3(b). Cholesterol and Lipoproteins Levels:
Lipoproteins are responsible for the transport of the major blood lipids and are classified as high-density lipoproteins (HDL), low-density lipoproteins (LDL) and very low-density lipoproteins (VLDL). A larger proportion of total serum cholesterol carried as HDL-cholesterol is associated with a reduced risk of atherosclerosis and cardiovascular disease while elevated LDL-cholesterol is associated with the development of atherosclerosis35. Peripubertal rhesus monkeys were fed a diet which contained either soy protein isolate with the isoflavones intact (Soy +) or extracted (Soy -). Administration of the Soy + diet caused a larger reduction in the LDL and VLDL cholesterol in males and females, increased HDL-cholesterol levels in females and decreased the total plasma cholesterol to HDL-cholesterol ratio by 20% for males and 50% for females. The beneficial effects of the Soy (+) diet were most likely due to the presence of the isoflavones36. In normocholesterolemic patients, plasma concentrations of total cholesterol and HDL-cholesterol were not significantly altered after 28 days of consuming 60 g/day of soy protein isolate beverage powder. It was considered that a lowering of total cholesterol levels may have occurred had the patients been hyperlipidemic upon entry into the study34.

  

 

 
 

Metabolism, Bioavailability and Toxicity of Genistein.

  
 

As mentioned above, in soy foods, the aglycones genistein and daidzin are mainly present in the glucoside forms genistin and daidzin, e.g. in soybean milk powder, only 4-5% of the isoflavones are in the form of aglycones37. Absorption of soybean isoflavones may begin in the proximal small intestine38. Lower down in the intestine, the gut bacterial deconjugating enzymes hydrolyze the isoflavone glycosides to produce genistein and daidzein. In addition, glucosidases of intestinal microflora in the lower bowel can liberate the aglycones, thereby promoting their absorption. The intestinal microflora, however, also extensively metabolize and degrade the isoflavones, thereby prohibiting their reabsorption from the lower bowel38. After absorption, isoflavones are extensively transformed by phase II enzymes thus making their retention in the human body unlikely39. Following transformation, isoflavones undergo urinary and biliary excretion38.

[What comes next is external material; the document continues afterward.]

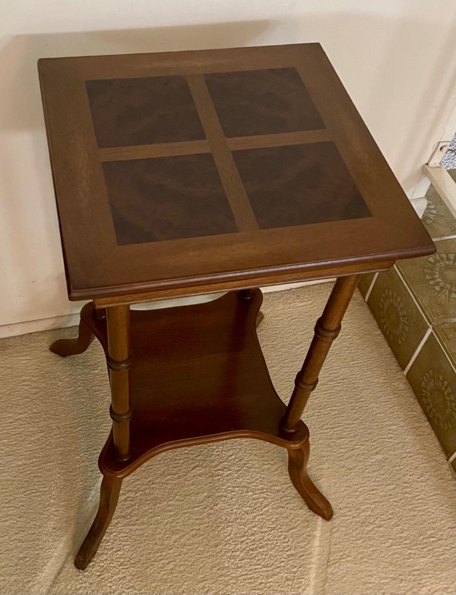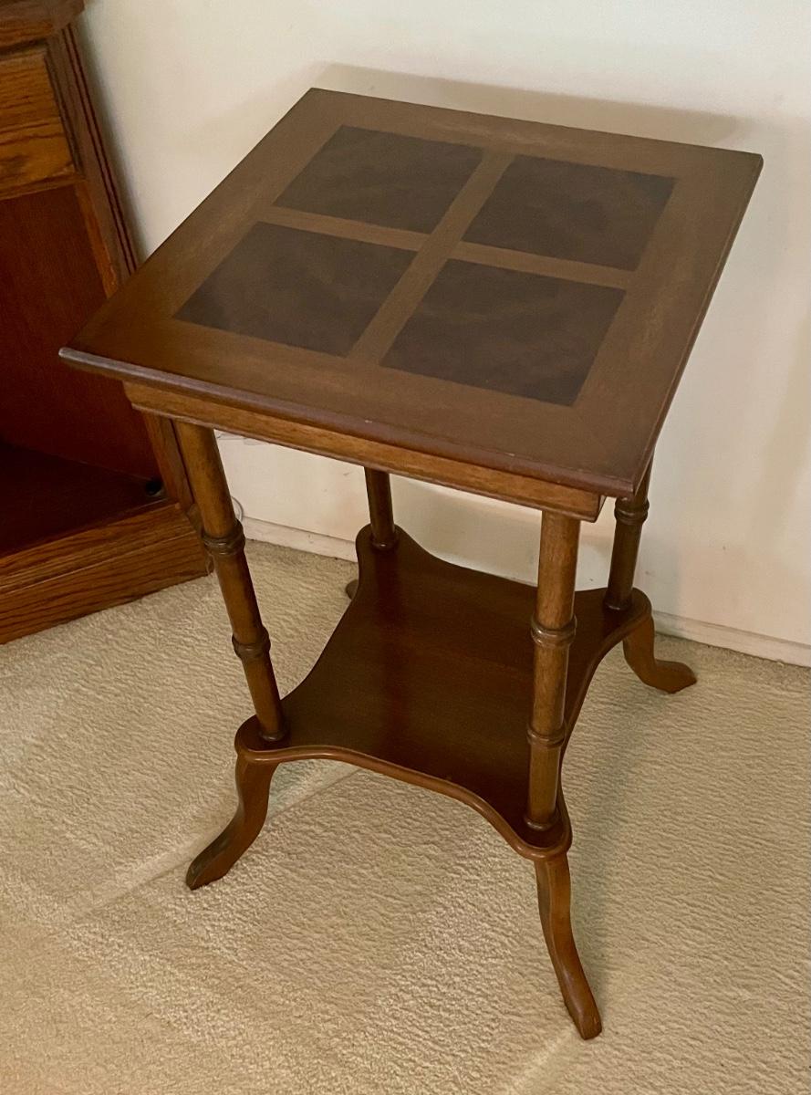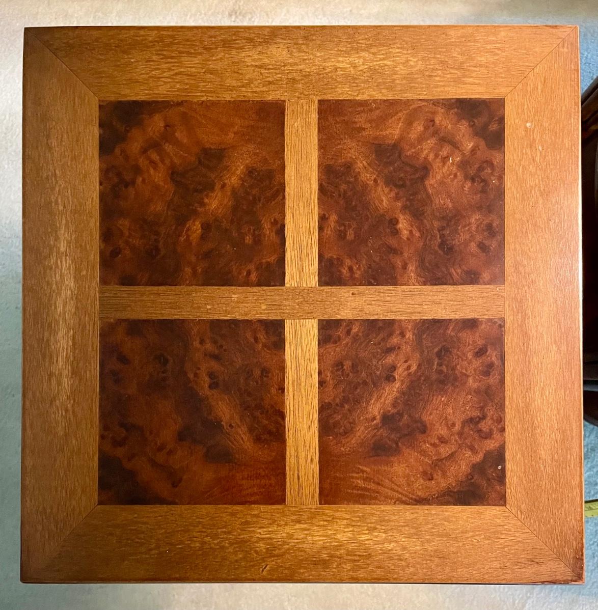 Particle board with wood vernier. Inlaid burl wood on top surface. Top measures 15” x 15”, 28” tall.

In a clinical study, genistein was shown to have relatively poor bioavailability39. The considerable variation in genistein bioavailability among seven female subjects in a similar study38 was attributed to the relative ability of gut microflora to degrade isoflavones. Despite the relatively low bioavailability of isoflavones, genistein may still be absorbed in sufficient quantities to exert potentially beneficial biological effects 38,39.

Since one-third of the world’s population consume substantial amounts of soy, and hence genistein, and have low rates of breast and prostate cancer and of cardiovascular disease, it can be concluded that in humans, genistein is not toxic and may indeed be the cause of the lower risk of these diseases40. The administration of upto 50 mg of genistein in the form of one or more tablets is reported to have no significant toxicity and no or few side effects29.

  
 
Conclusion  
 

On the basis of the numerous scientific studies published in peer-reviewed literature, it may be concluded that genistein is potentially beneficial in treating diseases such as cancer and osteoporosis. It’s role in the prevention of cardiovascular disease requires further investigation at this point in time. Epidemiological studies and the history of soy consumption in Asia offer sufficient evidence with regard to the safety and health benefits of genistein.

In view of the multi-faceted benefits of this soy isoflavone, it may seem prudent to shift towards soy-rich diets. However, soy foods contain the b-glucoside, genistin and conversion to the active aglycone form is dependent upon the activity of the gut microflora which in turn results in wide variations in the bioavailability of genistein from soy products38.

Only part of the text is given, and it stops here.